Start of Data under study

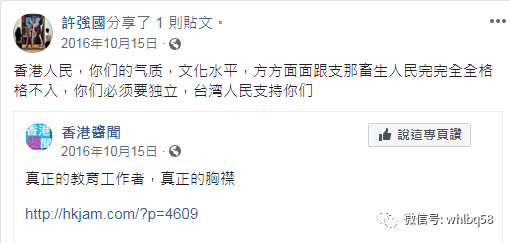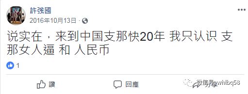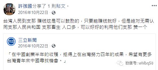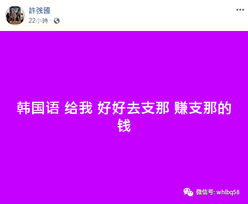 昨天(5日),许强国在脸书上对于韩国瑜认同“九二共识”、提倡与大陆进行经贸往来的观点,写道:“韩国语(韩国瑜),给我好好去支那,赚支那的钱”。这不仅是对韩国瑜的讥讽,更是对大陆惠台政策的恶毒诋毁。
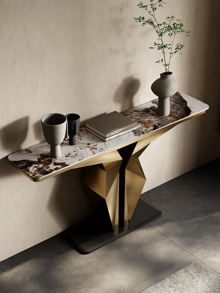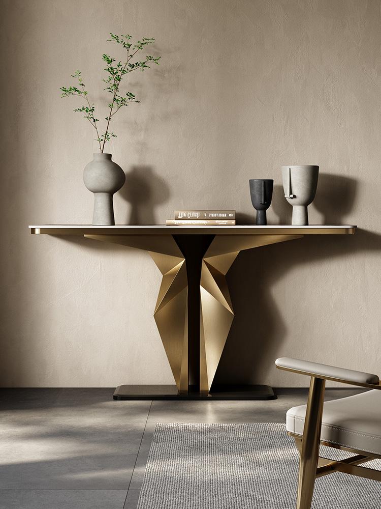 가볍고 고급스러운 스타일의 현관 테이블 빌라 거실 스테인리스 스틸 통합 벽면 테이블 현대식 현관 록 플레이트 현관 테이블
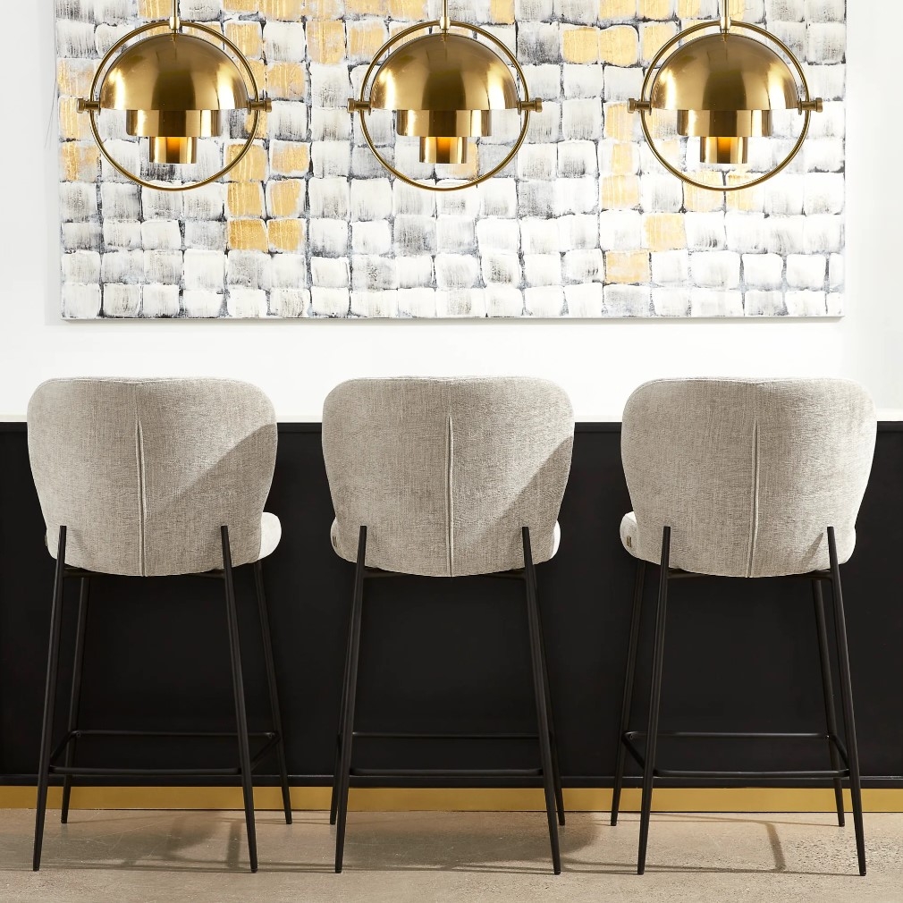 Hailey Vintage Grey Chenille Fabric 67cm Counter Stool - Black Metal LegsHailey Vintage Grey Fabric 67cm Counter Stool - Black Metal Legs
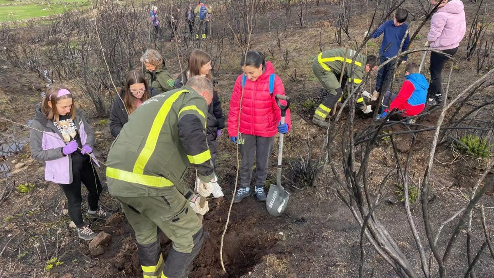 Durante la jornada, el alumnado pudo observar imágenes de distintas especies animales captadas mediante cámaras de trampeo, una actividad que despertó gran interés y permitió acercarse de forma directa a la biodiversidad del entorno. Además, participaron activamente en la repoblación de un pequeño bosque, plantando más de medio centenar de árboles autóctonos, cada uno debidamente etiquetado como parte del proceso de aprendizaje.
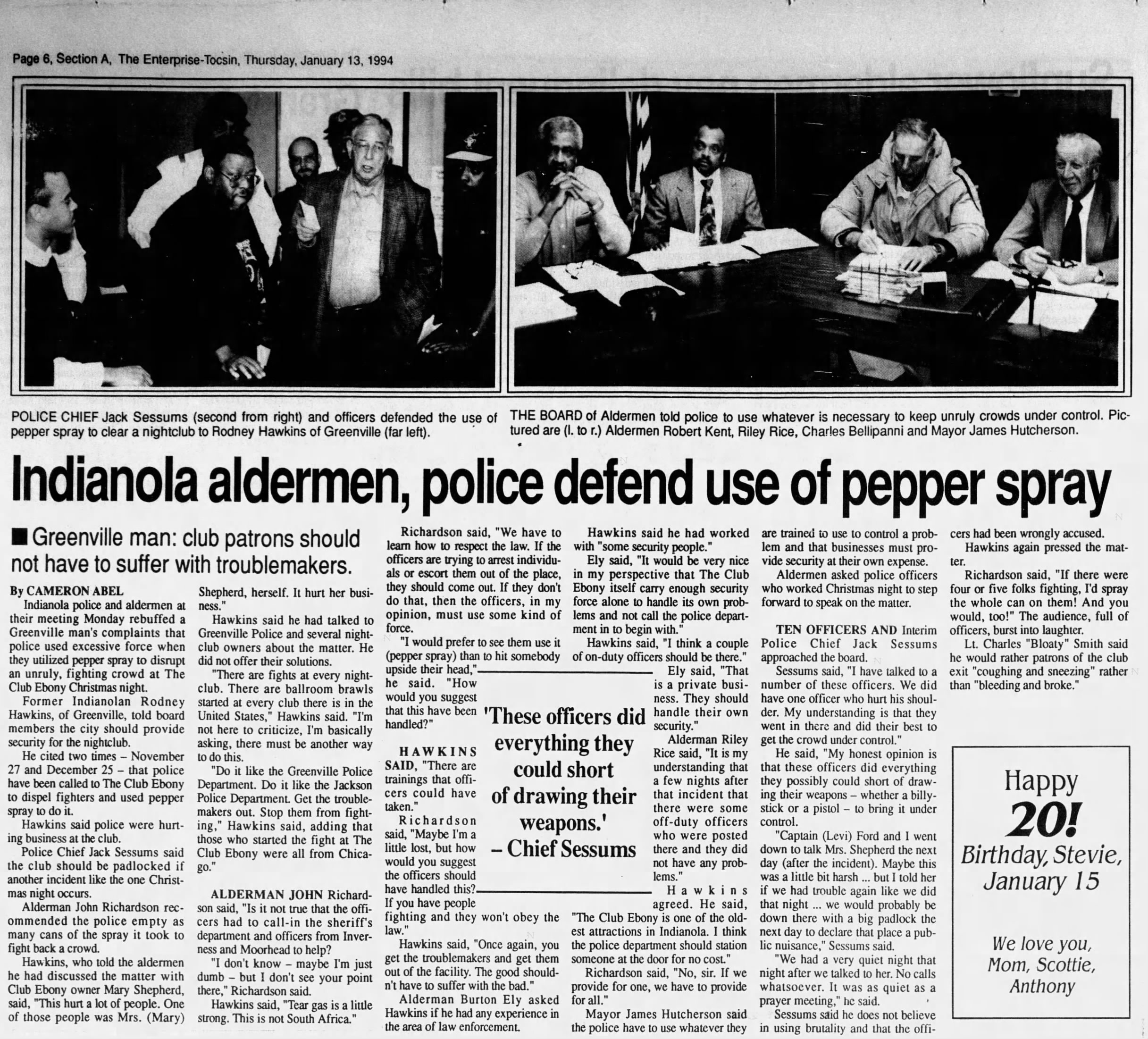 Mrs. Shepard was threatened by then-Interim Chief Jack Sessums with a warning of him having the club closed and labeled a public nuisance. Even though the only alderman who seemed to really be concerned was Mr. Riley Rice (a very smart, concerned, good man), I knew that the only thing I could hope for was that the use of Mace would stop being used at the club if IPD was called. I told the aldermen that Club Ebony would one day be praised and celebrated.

End of Data under study
Start of Data under study

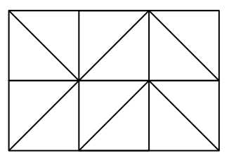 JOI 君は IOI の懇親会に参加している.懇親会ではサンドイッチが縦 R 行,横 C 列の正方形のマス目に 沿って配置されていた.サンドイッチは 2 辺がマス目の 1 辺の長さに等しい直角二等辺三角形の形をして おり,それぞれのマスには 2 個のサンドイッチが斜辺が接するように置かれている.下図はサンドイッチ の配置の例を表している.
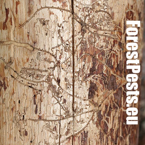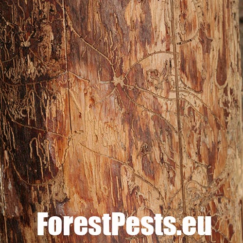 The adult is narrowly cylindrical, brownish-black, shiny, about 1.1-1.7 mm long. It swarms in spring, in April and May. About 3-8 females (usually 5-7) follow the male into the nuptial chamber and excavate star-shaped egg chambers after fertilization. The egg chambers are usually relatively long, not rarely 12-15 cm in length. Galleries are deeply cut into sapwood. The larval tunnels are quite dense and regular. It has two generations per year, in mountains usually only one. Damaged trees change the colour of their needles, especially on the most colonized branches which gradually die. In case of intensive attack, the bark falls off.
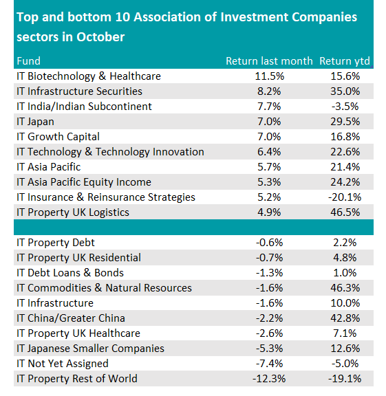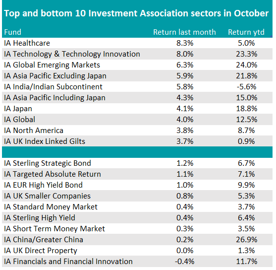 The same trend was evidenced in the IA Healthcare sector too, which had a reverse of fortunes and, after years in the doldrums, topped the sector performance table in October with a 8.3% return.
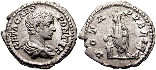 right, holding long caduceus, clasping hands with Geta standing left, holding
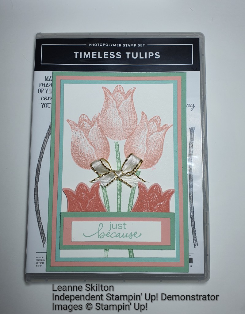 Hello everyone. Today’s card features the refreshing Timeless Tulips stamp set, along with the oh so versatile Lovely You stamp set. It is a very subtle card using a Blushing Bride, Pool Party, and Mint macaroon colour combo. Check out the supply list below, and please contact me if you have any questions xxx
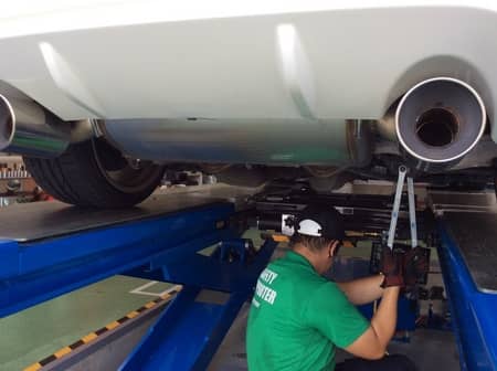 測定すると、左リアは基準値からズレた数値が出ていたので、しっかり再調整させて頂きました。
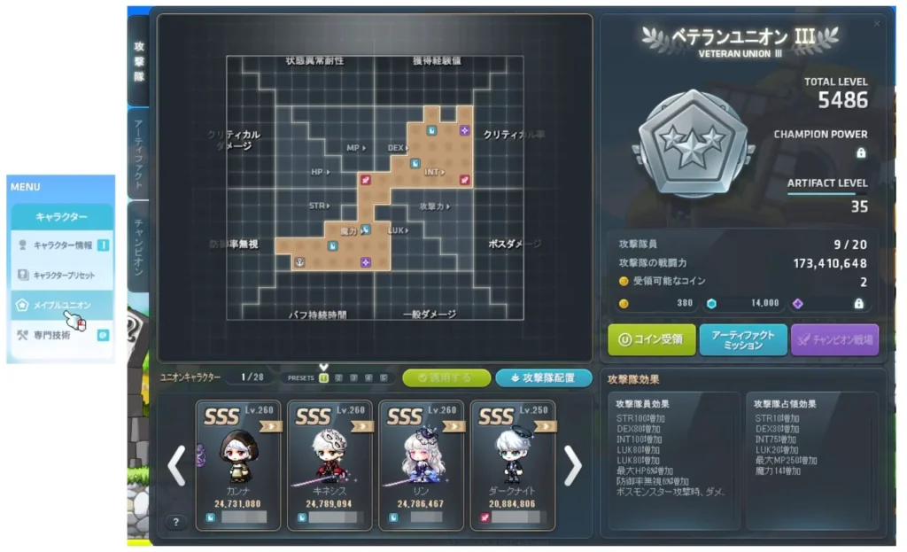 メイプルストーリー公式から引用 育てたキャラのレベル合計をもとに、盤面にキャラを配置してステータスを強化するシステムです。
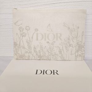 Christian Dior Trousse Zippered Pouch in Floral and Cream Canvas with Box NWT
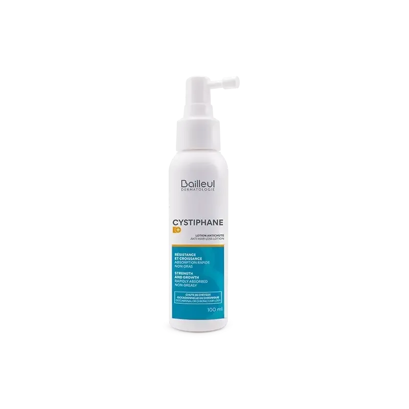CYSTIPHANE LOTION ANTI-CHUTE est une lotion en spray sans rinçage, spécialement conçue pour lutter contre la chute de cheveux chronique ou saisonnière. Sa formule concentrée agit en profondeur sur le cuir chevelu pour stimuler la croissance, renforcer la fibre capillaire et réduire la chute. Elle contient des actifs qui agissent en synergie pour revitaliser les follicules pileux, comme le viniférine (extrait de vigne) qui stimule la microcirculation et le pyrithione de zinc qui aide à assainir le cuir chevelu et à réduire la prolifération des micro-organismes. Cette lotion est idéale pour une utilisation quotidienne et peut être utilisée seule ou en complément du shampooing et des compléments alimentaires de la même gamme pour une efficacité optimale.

End of Data under study
Start of Data under study

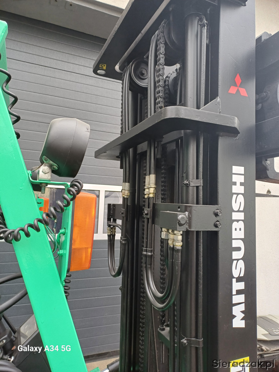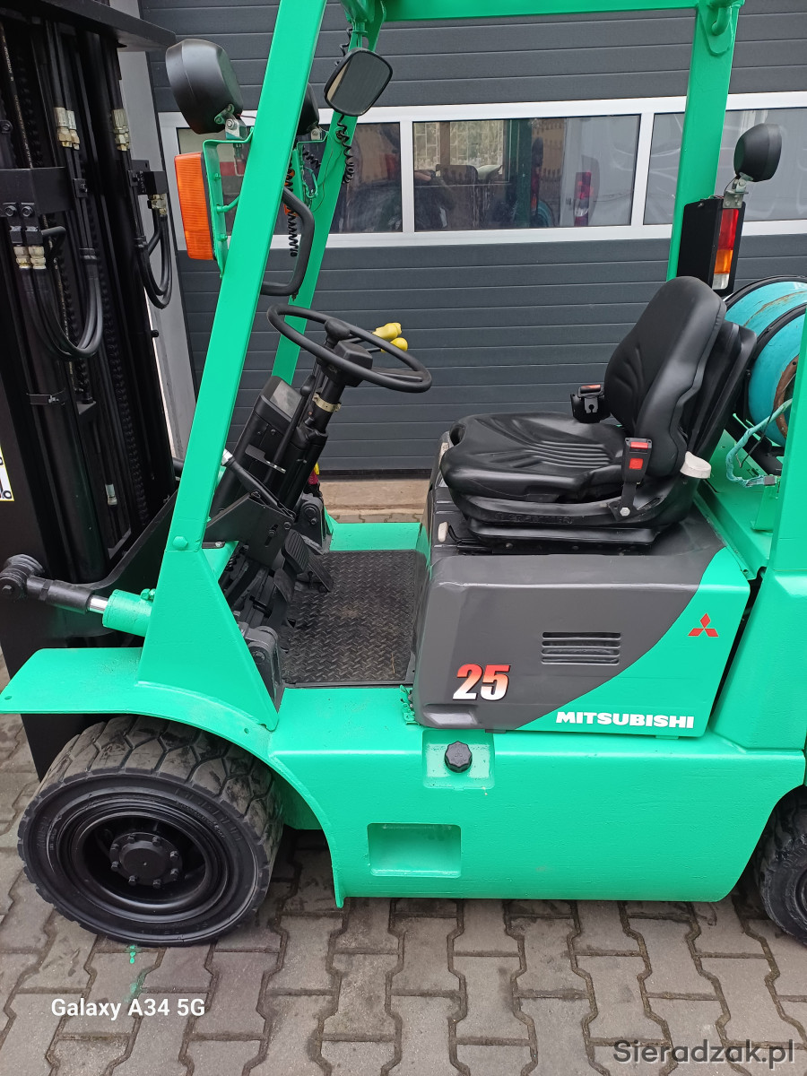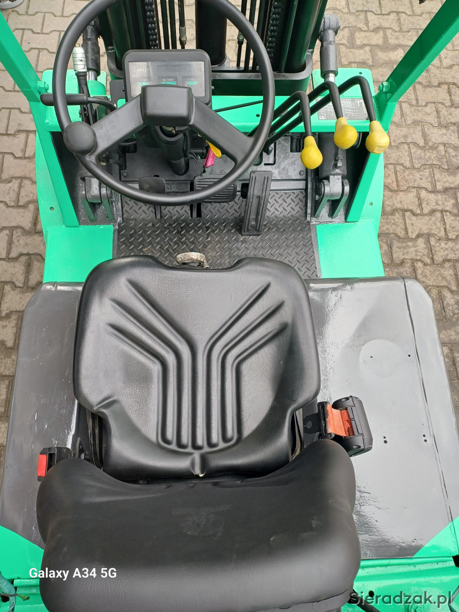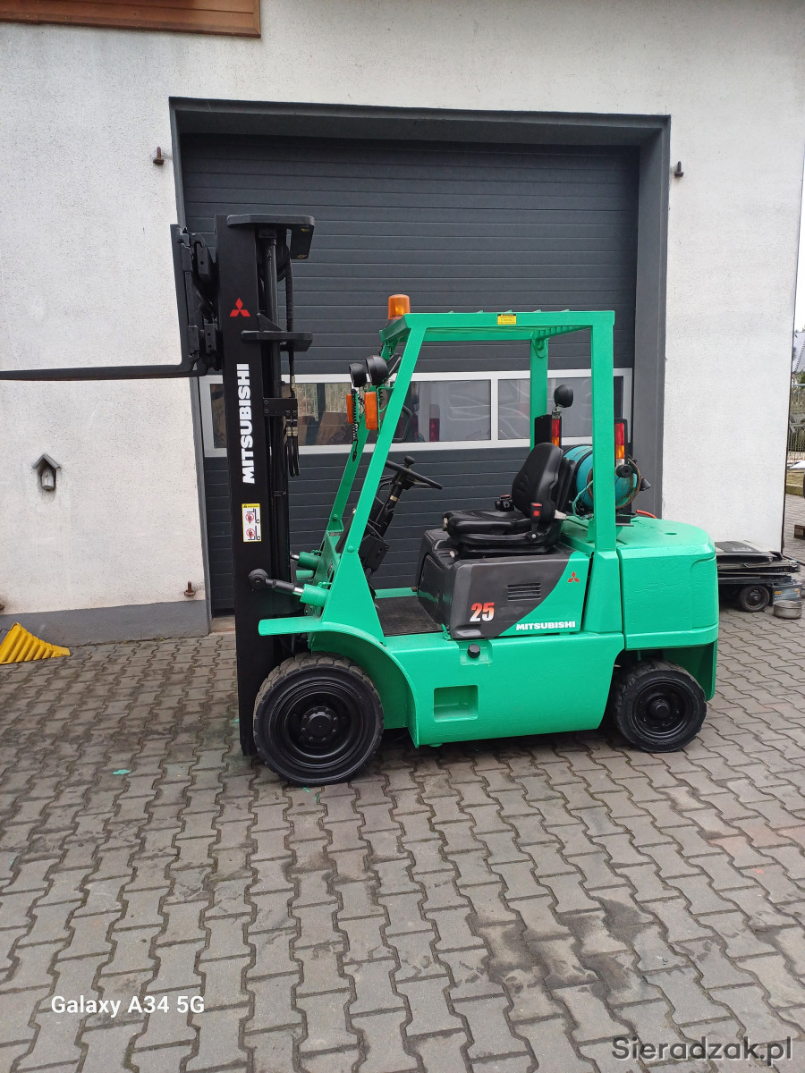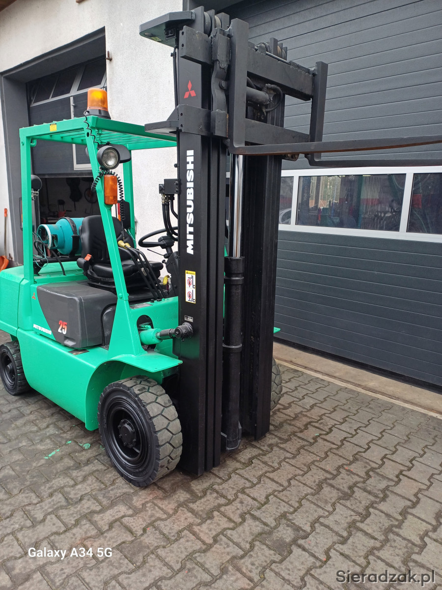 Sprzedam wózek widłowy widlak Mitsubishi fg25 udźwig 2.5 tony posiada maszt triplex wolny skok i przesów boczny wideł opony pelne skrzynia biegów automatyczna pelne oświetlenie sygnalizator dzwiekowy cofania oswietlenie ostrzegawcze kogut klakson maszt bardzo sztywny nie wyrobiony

End of Data under study

Of all the material above, only the lines from the one that has "昨天(5日),许强国在脸书上" down to the one that has "Mrs. Shepard was" are to be written out, exactly and with both ends included. Pictures are skipped.

Exercise response:
 昨天(5日),许强国在脸书上对于韩国瑜认同“九二共识”、提倡与大陆进行经贸往来的观点,写道:“韩国语(韩国瑜),给我好好去支那,赚支那的钱”。这不仅是对韩国瑜的讥讽,更是对大陆惠台政策的恶毒诋毁。
 가볍고 고급스러운 스타일의 현관 테이블 빌라 거실 스테인리스 스틸 통합 벽면 테이블 현대식 현관 록 플레이트 현관 테이블
 Hailey Vintage Grey Chenille Fabric 67cm Counter Stool - Black Metal LegsHailey Vintage Grey Fabric 67cm Counter Stool - Black Metal Legs
 Durante la jornada, el alumnado pudo observar imágenes de distintas especies animales captadas mediante cámaras de trampeo, una actividad que despertó gran interés y permitió acercarse de forma directa a la biodiversidad del entorno. Además, participaron activamente en la repoblación de un pequeño bosque, plantando más de medio centenar de árboles autóctonos, cada uno debidamente etiquetado como parte del proceso de aprendizaje.
 Mrs. Shepard was threatened by then-Interim Chief Jack Sessums with a warning of him having the club closed and labeled a public nuisance. Even though the only alderman who seemed to really be concerned was Mr. Riley Rice (a very smart, concerned, good man), I knew that the only thing I could hope for was that the use of Mace would stop being used at the club if IPD was called. I told the aldermen that Club Ebony would one day be praised and celebrated.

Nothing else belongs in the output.